■ EXERCISE BRIEF
The needed output is the run of lines below from the one containing "Câu 12. Cho" through the one containing "Notre grand reporter", copied exactly and free of pictures.

■ PROVIDED DATA

+-------+

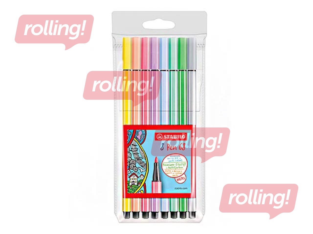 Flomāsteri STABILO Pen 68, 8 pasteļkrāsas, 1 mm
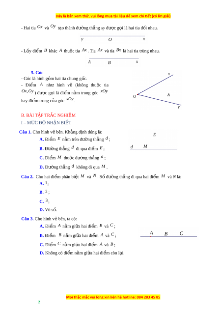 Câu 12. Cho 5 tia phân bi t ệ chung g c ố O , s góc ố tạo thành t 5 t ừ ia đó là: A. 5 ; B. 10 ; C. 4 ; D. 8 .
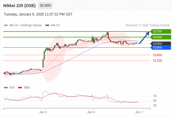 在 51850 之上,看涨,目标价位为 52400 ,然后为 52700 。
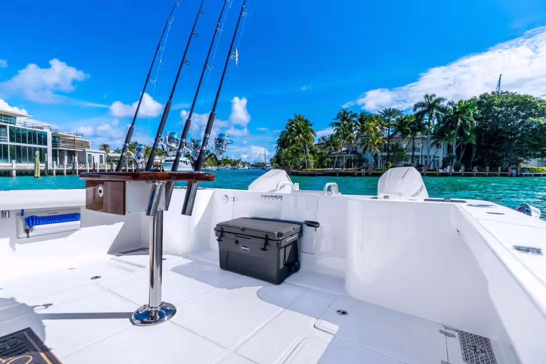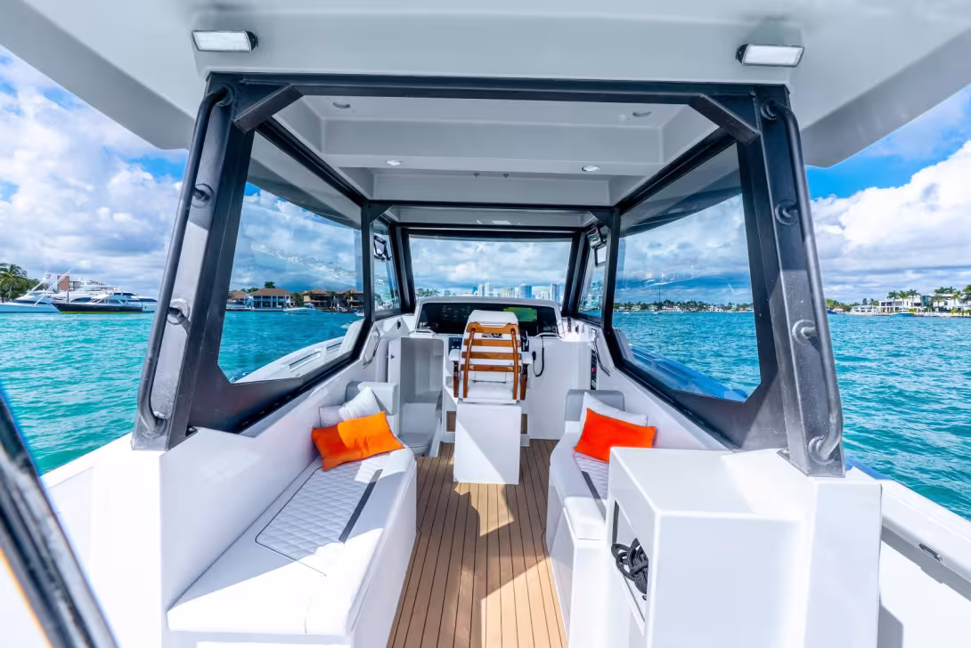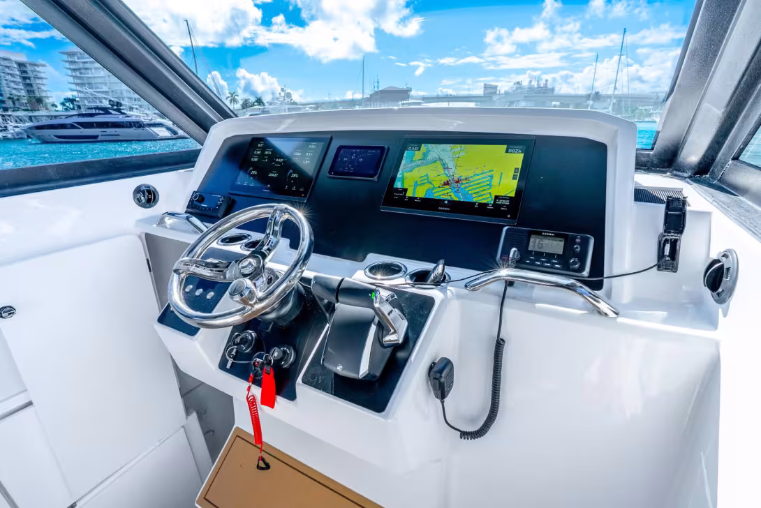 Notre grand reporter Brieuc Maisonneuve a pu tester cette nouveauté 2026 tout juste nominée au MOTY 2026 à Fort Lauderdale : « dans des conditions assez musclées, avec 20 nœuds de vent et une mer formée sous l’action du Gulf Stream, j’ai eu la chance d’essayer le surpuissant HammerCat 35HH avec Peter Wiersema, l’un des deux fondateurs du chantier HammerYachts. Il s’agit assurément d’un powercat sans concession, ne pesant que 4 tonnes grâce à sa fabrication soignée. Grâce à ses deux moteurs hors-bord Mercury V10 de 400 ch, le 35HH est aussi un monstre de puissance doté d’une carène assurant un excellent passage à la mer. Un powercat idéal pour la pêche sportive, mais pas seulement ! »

+-------+

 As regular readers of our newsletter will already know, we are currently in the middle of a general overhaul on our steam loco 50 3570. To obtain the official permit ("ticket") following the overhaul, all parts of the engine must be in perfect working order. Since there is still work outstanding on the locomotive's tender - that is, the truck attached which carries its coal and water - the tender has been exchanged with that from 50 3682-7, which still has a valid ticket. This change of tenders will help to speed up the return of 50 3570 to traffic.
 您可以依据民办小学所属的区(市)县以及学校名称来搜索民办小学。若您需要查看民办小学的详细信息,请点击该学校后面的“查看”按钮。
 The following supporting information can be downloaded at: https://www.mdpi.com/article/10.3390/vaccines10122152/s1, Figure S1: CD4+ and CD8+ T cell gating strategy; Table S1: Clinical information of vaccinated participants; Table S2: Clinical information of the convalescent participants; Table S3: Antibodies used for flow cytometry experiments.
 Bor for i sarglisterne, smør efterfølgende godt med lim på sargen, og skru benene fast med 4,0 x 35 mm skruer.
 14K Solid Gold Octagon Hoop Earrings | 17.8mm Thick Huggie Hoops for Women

+-------+

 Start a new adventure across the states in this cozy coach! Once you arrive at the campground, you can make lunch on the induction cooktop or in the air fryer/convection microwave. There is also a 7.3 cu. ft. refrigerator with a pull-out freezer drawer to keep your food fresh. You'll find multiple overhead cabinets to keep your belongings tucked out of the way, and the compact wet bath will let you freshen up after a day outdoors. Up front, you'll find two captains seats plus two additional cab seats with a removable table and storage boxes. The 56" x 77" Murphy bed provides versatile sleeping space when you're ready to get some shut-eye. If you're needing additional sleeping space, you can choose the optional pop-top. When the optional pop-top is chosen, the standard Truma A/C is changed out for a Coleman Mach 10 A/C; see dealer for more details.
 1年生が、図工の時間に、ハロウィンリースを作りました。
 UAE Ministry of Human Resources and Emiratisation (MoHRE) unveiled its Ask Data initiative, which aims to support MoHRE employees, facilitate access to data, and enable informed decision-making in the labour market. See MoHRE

+-------+

■ ANSWER FOR THIS EXERCISE
 Câu 12. Cho 5 tia phân bi t ệ chung g c ố O , s góc ố tạo thành t 5 t ừ ia đó là: A. 5 ; B. 10 ; C. 4 ; D. 8 .
 在 51850 之上,看涨,目标价位为 52400 ,然后为 52700 。
 Notre grand reporter Brieuc Maisonneuve a pu tester cette nouveauté 2026 tout juste nominée au MOTY 2026 à Fort Lauderdale : « dans des conditions assez musclées, avec 20 nœuds de vent et une mer formée sous l’action du Gulf Stream, j’ai eu la chance d’essayer le surpuissant HammerCat 35HH avec Peter Wiersema, l’un des deux fondateurs du chantier HammerYachts. Il s’agit assurément d’un powercat sans concession, ne pesant que 4 tonnes grâce à sa fabrication soignée. Grâce à ses deux moteurs hors-bord Mercury V10 de 400 ch, le 35HH est aussi un monstre de puissance doté d’une carène assurant un excellent passage à la mer. Un powercat idéal pour la pêche sportive, mais pas seulement ! »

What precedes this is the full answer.